GN medical travel office moves back to Iqaluit

Nunavut government responds to incessant complaints about decentralized Pangnirtung service

By NUNATSIAQ NEWS

The Nunavut legislature kicked off its March 4 sitting with an announcement from Health Minister Tagak Curley, who said the Government of Nunavut’s medical travel office for the Baffin region will move back to Iqaluit from Pangnirtung on April 1.

The three employees who now work with medical travel in Pangnirtung will remain with the Government of Nunavut, working either in Pangnirtung or Iqaluit, if they chose to move, Curley said.

MLAs thumped their desks in approval after Curley said the GN had “listened to Nunavummiut and will once again be providing medical travel support for all of the Baffin region through the medical travel staff located in Iqaluit.”

Medical travel services for Qikiqtaaluk residents travelling to Iqaluit for medical treatment have been provided from Pangnirtung’s regional medical travel services office since 2006 — at the same time as incessant complaints about poor service started piling up.

In 2006, Levi Barnabas, then the MLA for Quttiktuq, askedLeona Aglukkaq, then the health minister, why some constituents on medical travel “sometimes have to wait a day or two, up to a week” to get home.

“If they are going to be constantly left behind, it’s obvious that it will cost more for that individual and for the government.

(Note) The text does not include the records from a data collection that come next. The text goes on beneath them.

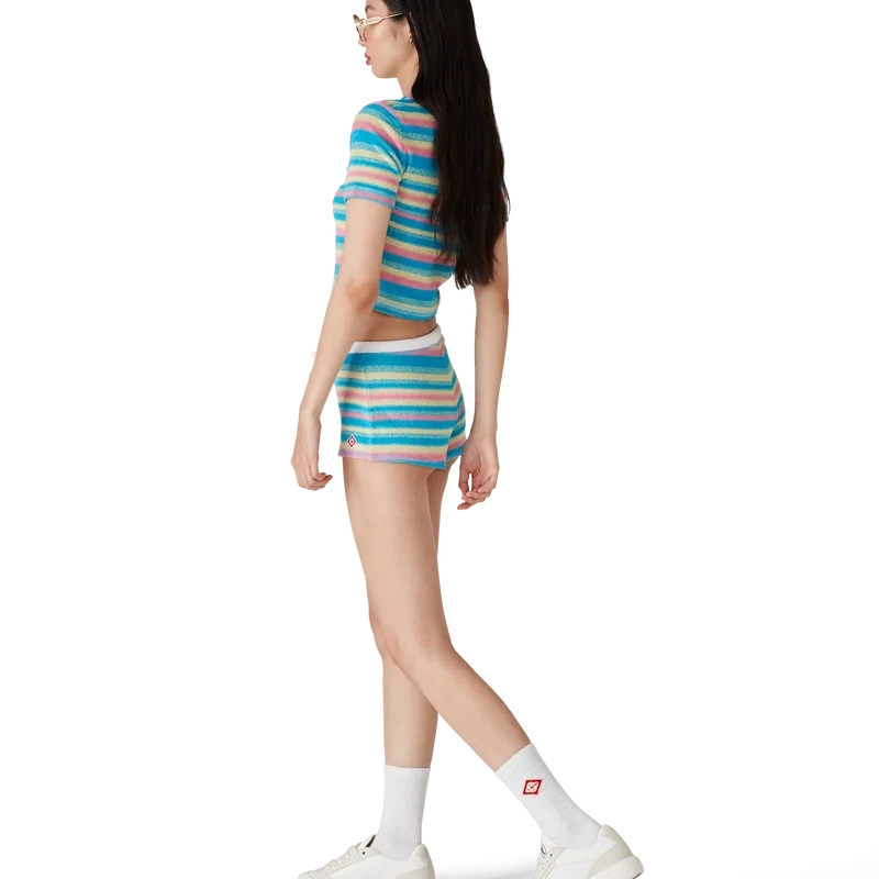 De randiga minishortsen i frotté är en kort modell tillverkad av frottétyg. De har en kontrasterande elastisk midjeresår, dragsko och är försedda med märkets signaturdiamantlogo.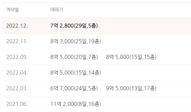 하지만 이후 하락세로 전환하여 2022년 11월 평균 6억 700만원대까지 떨어진 상황입니다.
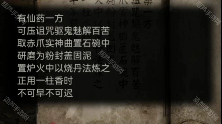 检查壁画下方的箱子时,发现提示显示锁已损坏。法器的说明提到它十分坚固,不如让它来试试看。果然,用法器撬开了箱子,从里面取到了神曲。看来我们的药材已经集齐了!接着查看左边的石台子,就能回到当前的时间节点。之后前往口舌房间,先看一眼后方书上的步骤说明。用火柴点燃左边的炉子,把两种药材放进坩埚,再用小锤子将其磨碎。随后点击左下角的泥巴进行封口,再用中间的坩埚钳夹起坩埚放入炉子,这时会开始一个计时小游戏。在这个游戏里,点击开始后随意点燃一根香,等香快要烧到根部时,点击右下角的“取出”按钮即可。经过实际测试,中间那根香是最容易操作的。取出后,就能得到仙药了。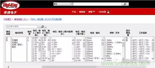 圖5:Digi-Key官網(wǎng)上的降壓-升壓轉(zhuǎn)換器的參數(shù)選項(xiàng)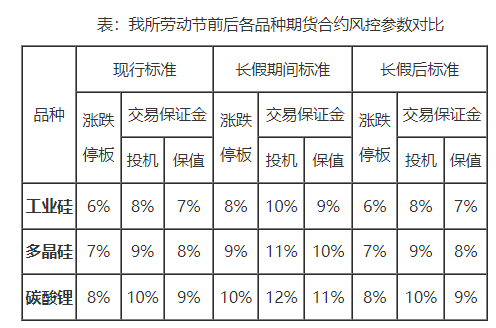 根據(jù)《廣州期貨交易所風(fēng)險(xiǎn)管理辦法》,經(jīng)研究決定,交易所將在2025年勞動(dòng)節(jié)假期休市前后對(duì)各品種期貨合約漲跌停板幅度和交易保證金標(biāo)準(zhǔn)做如下調(diào)整: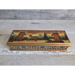 Vtg Robert M. Weiss Glass On Wood Trinket Box Cabin Decor Moose Bears Peru G30.5
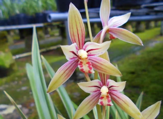 黄金彩虹是建兰的一种,也是入门级的兰花。其花瓣中间有红色条纹,边缘为黄色,在不同光照条件下会呈现不同的颜色变化,故名彩虹。每年都有很多花期,开很多花,往往多箭齐发,每个花箭都有好几朵。花期持续,香味渐远,温度越低,花越红,花香四溢。

What are the minister’s plans in regard to this?”

After that, other MLAs, including James Arvaluk of Tunnuniq, complained of numerous glitches afecting travelling patients, and demanded that the office be moved back to Iqaluit.

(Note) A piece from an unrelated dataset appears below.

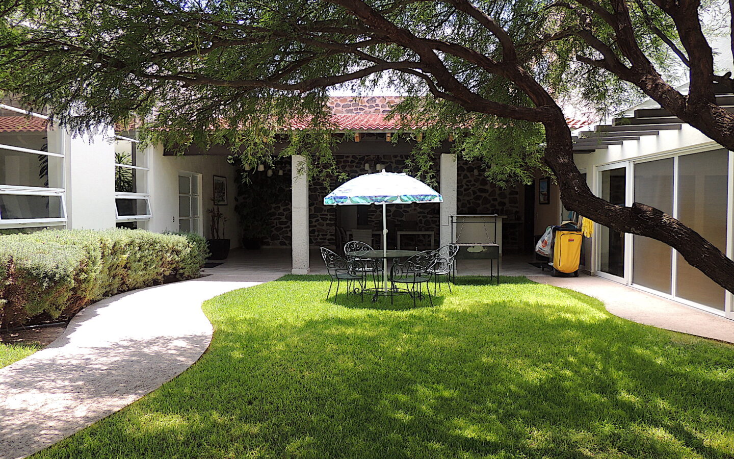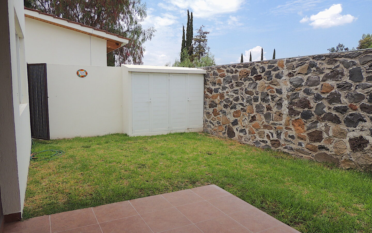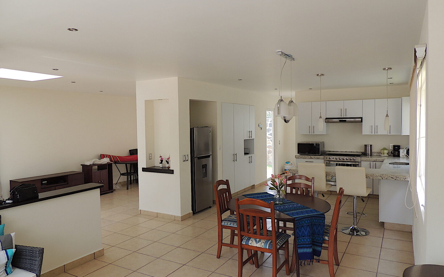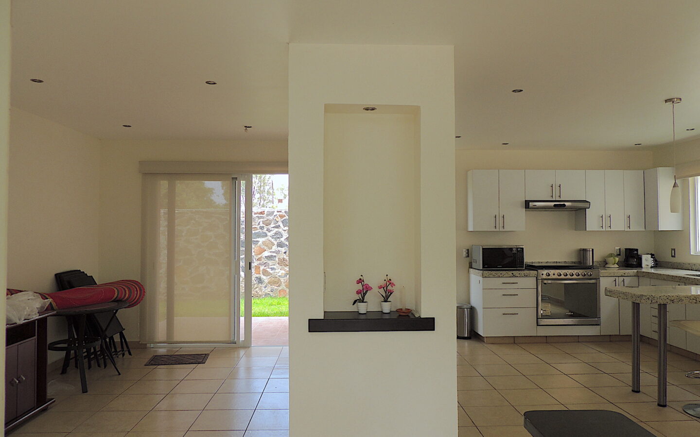 Estancia abierta con cocina integral, barra desayunadora, área de lavandería, agradable terraza con jardín y bodega.

In the legislature this week, Curley admitted that “despite efforts to address issues of technology, communication and logistics, we continued to receive complaints.”

Last summer, the health department undertook a review of the overall effectiveness the Pangirtung medical travel office.

Community leaders and medical travel clients in 11 Baffin communities strongly supported a “centralization” of the office to Iqaluit, Curley said.

However, Pangnirtung MLA Adamee Komoartok said he opposed any loss of GN jobs in Pangnirtung.